Saturday, 19 April 2014

Spotting the International Space Station

I'm aware that this makes me sound like an utter geek, but please bear with me.

Over the past few months I've heard more and more people talking about seeing the International Space Station (the 'ISS') in the night's sky. Parents were particularly excited around Christmas as they could pass its appearance off to their children as Santa on his sledge. I have to admit with no children to impress and freezing nights, I wasn't inclined to go out and stare up at the sky, without a clue what I was looking for. That changed this week when more and more people were mentioning it on Twitter and there was a flurry of photographs. Being keen on finding any excuse to take some photographs, suddenly I was drawn in.

Although the ISS is constantly orbiting the Earth, it can't always be seen. There will be periods of time when it will be visible almost every night, which has been the position we've been in for the last week or two. There are several sites which will tell you when you can see it from your location, my favourite is www.meteorwatch.org but NASA has a larger database. The ISS always moves from west to east, but on a different trajectory and at a different altitude each time. It's easy enough to spot though if you know vaguely what direction to look in, particularly if you pick a night when it's extremely bright, as it looks like a fast moving star.

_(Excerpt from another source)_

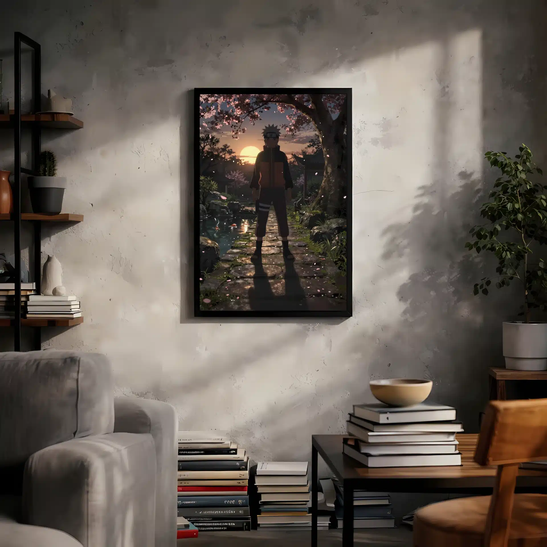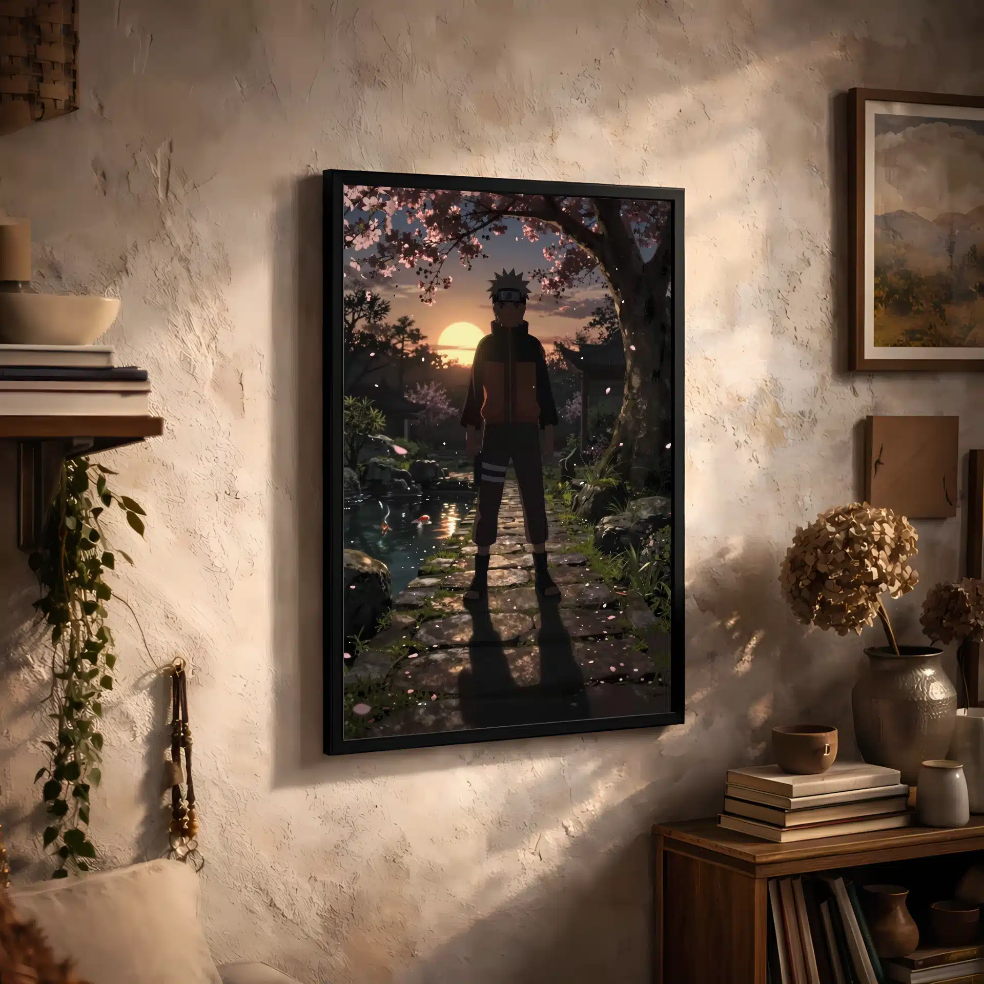 در این قاب عکس خیرهکننده، ناروتو در باغی اسرارآمیز و در نور طلایی غروب خورشید ایستاده است. سایهاش بهصورت دراماتیک در پسزمینه نمایان شده و حالتی مصمم در چهرهاش دیده میشود، گویی آماده نبردی بزرگ است.

I headed out a couple of nights this week to try and take some photographs. It proved much more difficult than I was expecting. Although I had a tripod and camera, standing in the back garden in the dark, suddenly everything was trickier than I expected. Changing my camera to remote control mode by torch mode whist it was on top of a tripod at eye level was virtually impossible, and even focusing was pure guesswork. I tried a few test shots before the ISS was due to arrive, just to decide what ISO and shutter speed I should be using. I needed the sky dark enough so that the ISS would stand out, but a long enough shutter speed so that rather than just photographing a dot in the sky, I'd get a light trail of its movement over several seconds.

 
This was my first shot, which came out surprisingly well. We've been lucky this week with clear weather on many nights when the ISS has passed over so I'm glad I made the most of it.

My husband wanted to take the opportunity to try some long exposure torch photographs, this was his contribution to the evening. Maybe not of such interest to NASA, but I quite liked it!


I may have a final attempt tonight at a few more photographs, I'm just hoping the cloud clears before 9pm. If you take any photographs of the ISS yourself, please let me know. I'd love to see them.